Di hari yang sama dilakukan otopsi pada jenazah balita Yusuf. Polisi kemudian menurunkan anjing pelacak dari Polda Kaltim. Namun lagi-lagi yang membuat ganjal adalah, kata Naumi, kepolisian melakukan pelacakan sebanyak dua kali. Pelacakan pertama sebagai uji coba. Pihak kepolisian tak memanggil orang tua Yusuf.

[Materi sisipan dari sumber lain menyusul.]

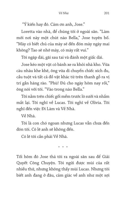 Bella có hình dáng giống một chú chó lai pitbull, được sinh ra trong ngôi nhà hoang, lớn lên cùng bầy mèo và may mắn được một chàng trai tử tế mang về nuôi dưỡng. Nhưng thị trấn này lại có những quy định ngặt nghèo về nuôi chó pitbull, và chủ nhân của Bella phải gởi tạm chú chó của mình đi nơi khác trong lúc sắp xếp một nơi ở mới. Nhưng Bella không thể chờ được, và quyết chí tìm mọi cách trở về với chủ. Cuộc phiêu lưu vào chốn hoang dã, gặp gỡ kết bạn với các sinh vật trong rừng, cũng như lăn lóc sống trên vỉa hè bắt đầu từ đây... Thông minh, tình nghĩa, hết mực trung thành với người nuôi dưỡng mình, chú chó Bella đã kể lại một câu chuyện vô cùng cảm động về người bạn bốn chân đáng yêu này của con người.

"Ada hal yang di luar kebiasaan. Yang namanya anjing melacak tidak ada namanya uji coba dulu. Saat otopsi berlangsung pada pagi. Bersamaan itulah ternyata polisi uji coba dahulu melacak. Saat sore pelacakan kedua, baru wartawan dipanggil semua. Ada apa ?,"  tanyanya.

"Yang perlu dicatat. Saat itu kasus berlangsung sudah tiga bulan. Kalau mau bicara jejak, di luar ruangan dengan di dalam ruangan, yang mana cepat hilang ? Jelas yang di luar ruangan. Karena ada panas hujan dan orang lalu lalang. Apakah benar masih bisa mengendus jejak?," pungkasnya.

Bantah Tak Serius, Satu Kasus Ditenggat 5 Bulan 

Menanggapi tudingan yang disampaikan Naumi, PN Samarinda membantah tak serius menangani proses peradilan hukum. Apapun itu kasusnya.

Hal itu disampaikan langsung Humas PN Samarinda Abdul Rahman ketika dikonfirmasi Disway Kaltim, Minggu (19/7/2020) siang.

Rahman, sapaan karibnya, membenarkan bahwa sidang tuntutan terpaksa ditunda lantaran majelis hakim belum bermusyawarah.

"Jadi tidak benar lamban dan tak serius menangani hukum. Penundaan ini sangat terpaksa ditunda karena majelis hakim murni belum bermusyawarah," ungkapnya.

Dijelaskannya, terkait penundaan suatu persidangan hanya bisa diputuskan oleh majelis hakim pada saat persidangan berlangsung. Para hakim pada dasarnya memiliki jadwal sidang masing-masing yang harus ditangani setiap harinya.

"Penundaan persidangan itu ditentukan oleh majelis hakim. Jadi seperti agenda putusan kemarin. Memang pasti para pihak hadir mulai pagi. Apabila perkaranya memang belum siap ya tetap disampaikan dalam persidangan oleh majelis hakim," jelasnya.

"Hakim ini kan digabungkan di dalam majelis. Dan mereka ada jadwal sidang lainnya. Karena kesibukan ini kemungkinan majelis hakim belum bisa rembukan. Karena mereka ada sidang masing-masing, ya mungkin baru ketemu atau rembuk kalau sudah lengkap anggota majelis hakimnya," sambungnya.

Majelis hakim yang belum bermusyawarah dianggap wajar terjadi. Lantaran banyaknya sidang yang harus ditangani. "Tim hakim anggota sibuk dengan majelisnya masing-masing. Sangat wajar, karena seperti berkas tidak lengkap dan baru diketahui di dalam persidangan, kan itu baru bisa diputuskan kalau ditunda di dalam sidang," imbuhnya.